Die Waage zwischen Nähe und Distanz
Eine große Schwierigkeit im Journalismus ist die Gratwanderung zwischen Nähe und Distanz. Ein gewisses Vertrauensverhältnis ist nötig, um nah an die Person im Zentrum heranzukommen, zu viel Nähe birgt jedoch die Gefahr einer subjektiven Färbung des Ergebnisses und eines vorschnellen Urteils. Genauso ist Voreingenommenheit fatal für ein wahrheitsgemäßes Porträt. Zum Handwerk eines Journalisten gehört, alles noch einmal gegenzuprüfen – egal wie glaubwürdig eine Aussage ist. Auch kann es hilfreich sein, das fertige Porträt von einer neutralen Person lesen zu lassen und nach Feedback zu fragen – wenn der Leser ein eher einseitiges Bild von der porträtierten Person hat, sollte es noch einmal überarbeitet werden.
Die schriftliche Gestaltung eines Porträts
Bei langen Porträts und Reportagen steht am Anfang die These, die den roten Faden des Porträts widerspiegelt und die zentrale Thematik der Geschichte rund um die Person aufgreift.
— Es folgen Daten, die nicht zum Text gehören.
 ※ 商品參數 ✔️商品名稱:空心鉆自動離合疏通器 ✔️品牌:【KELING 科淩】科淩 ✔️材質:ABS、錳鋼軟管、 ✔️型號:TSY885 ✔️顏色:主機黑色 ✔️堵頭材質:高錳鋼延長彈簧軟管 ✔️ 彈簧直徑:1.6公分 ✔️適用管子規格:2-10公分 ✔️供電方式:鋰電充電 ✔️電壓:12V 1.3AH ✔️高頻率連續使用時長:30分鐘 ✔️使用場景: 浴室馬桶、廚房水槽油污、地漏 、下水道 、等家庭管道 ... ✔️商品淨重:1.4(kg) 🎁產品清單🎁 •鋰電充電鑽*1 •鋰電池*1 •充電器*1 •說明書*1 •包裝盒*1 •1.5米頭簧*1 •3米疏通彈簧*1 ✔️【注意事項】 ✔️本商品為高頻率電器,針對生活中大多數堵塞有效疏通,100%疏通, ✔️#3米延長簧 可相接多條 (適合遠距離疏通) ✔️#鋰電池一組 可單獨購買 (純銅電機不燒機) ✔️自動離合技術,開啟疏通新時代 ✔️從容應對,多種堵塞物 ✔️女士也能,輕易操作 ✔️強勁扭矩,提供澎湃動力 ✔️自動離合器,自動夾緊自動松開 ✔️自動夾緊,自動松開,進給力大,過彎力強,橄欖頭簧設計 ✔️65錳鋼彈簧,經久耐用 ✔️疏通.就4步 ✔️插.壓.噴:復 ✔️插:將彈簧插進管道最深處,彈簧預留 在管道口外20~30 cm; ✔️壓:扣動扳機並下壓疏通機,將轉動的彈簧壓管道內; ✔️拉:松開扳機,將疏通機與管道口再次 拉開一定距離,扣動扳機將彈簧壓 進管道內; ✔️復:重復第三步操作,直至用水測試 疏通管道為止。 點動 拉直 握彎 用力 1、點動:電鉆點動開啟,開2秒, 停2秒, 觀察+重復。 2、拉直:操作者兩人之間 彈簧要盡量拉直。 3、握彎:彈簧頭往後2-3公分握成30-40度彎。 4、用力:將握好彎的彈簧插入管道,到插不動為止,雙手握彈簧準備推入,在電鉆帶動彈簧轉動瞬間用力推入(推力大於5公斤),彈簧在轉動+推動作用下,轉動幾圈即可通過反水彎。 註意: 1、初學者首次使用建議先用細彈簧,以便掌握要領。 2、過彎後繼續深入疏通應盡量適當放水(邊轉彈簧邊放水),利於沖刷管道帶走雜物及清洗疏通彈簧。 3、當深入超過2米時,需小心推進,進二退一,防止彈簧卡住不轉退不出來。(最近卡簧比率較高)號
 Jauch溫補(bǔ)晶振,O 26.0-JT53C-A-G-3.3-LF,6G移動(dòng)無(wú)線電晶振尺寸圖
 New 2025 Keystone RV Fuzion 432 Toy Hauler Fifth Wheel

Die folgende These aus einem ausgezeichneten Porträt lautet beispielsweise:
„Die niederländische Studentin Tanja Nijmeijer schließt sich in Kolumbien der Guerilla an. Ihre Spur verliert sich im Urwald. Jetzt vermutet der kolumbianische Geheimdienst: Tanja ist die rechte Hand eines Farc-Führers“ (Frederic Obermaier, „Ich denke, dass es meine Bestimmung ist, hier zu sein“).
Alle folgenden Szenen drehen sich um diese These, alles, was nichts mit dieser Geschichte zu tun hat, kann gestrichen werden.
Nach der These folgt ein Einstieg, der durch Zitate, Anekdoten oder Beobachtungen des Autors anschaulich gestaltet werden kann und den Leser bestenfalls direkt in das Geschehen „hineinzieht“. Ein preisgekröntes Porträt über einen Walrossjäger beginnt beispielsweise mit Beobachtungen der Umgebung:
„Der Himmel ist blau, als Oskar stirbt. Das Thermometer zeigt 15 Grad unter null. Mit einem alten Fischkutter sind sie in das Gebiet der Walrösser gefahren, dorthin, wo die Wassertiefe nur 40 Meter beträgt, irgendwo an der Westküste Grönlands. Ein Mann steht immer mit dem Fernglas im Mastkorb, um die Tiere im Packeis zu suchen: dunkle Klumpen auf weißen Schollen. Auf einer Eisscholle liegt Oskar. (Auszug aus dem Porträt „Walross im Visier“ von Sandra Schulz)
Den fortlaufenden Text kann der Autor frei gestalten, eine Mischung aus Beobachtungen, Gesagtem und Hintergrundwissen macht den Text für Leser greif- und erlebbar:
„Drei Fragen und ein Dank. Dann muss sie weg. Zwei Minuten. Es regnet immer noch. Klackklackklack machen die Schuhe irgendeiner Frau aus dem Schwanz von Presse und Lokalpolitikern, den sie seit Wochen hinter sich her schleppt. Merkels Schuhe machen keine Geräusche, sie sind flach und weich, und man kann gut in ihnen laufen.“ (Auszug aus dem Porträt „Das eiserne Mädchen“ von Alexander Osang).
Am Ende wird ein Bogen zurück zur These geschlagen, anhand einer Szene, einer Beobachtung oder eines Zitates wird wieder auf den Anfang Bezug genommen. Deutlich wird dies zum Beispiel am Ende des Porträts von Frederic Obermaier:
„Anfang 2009 dann die Überraschung: Tanja wird in Abwesenheit angeklagt. Der Geheimdienst hält sie für die rechte Hand von Farc-Vize Mono Jojoy. (…) Am 15. März 2010 erklärt Tanjas Vater in der niederländischen Presse, dass seine Tochter noch lebe. Ob sie immer noch freiwillig bei der Farc sei, sagt er nicht.“ (Ende des Porträts von Frederic Obermaier, „Ich denke, dass es meine Bestimmung ist, hier zu sein“).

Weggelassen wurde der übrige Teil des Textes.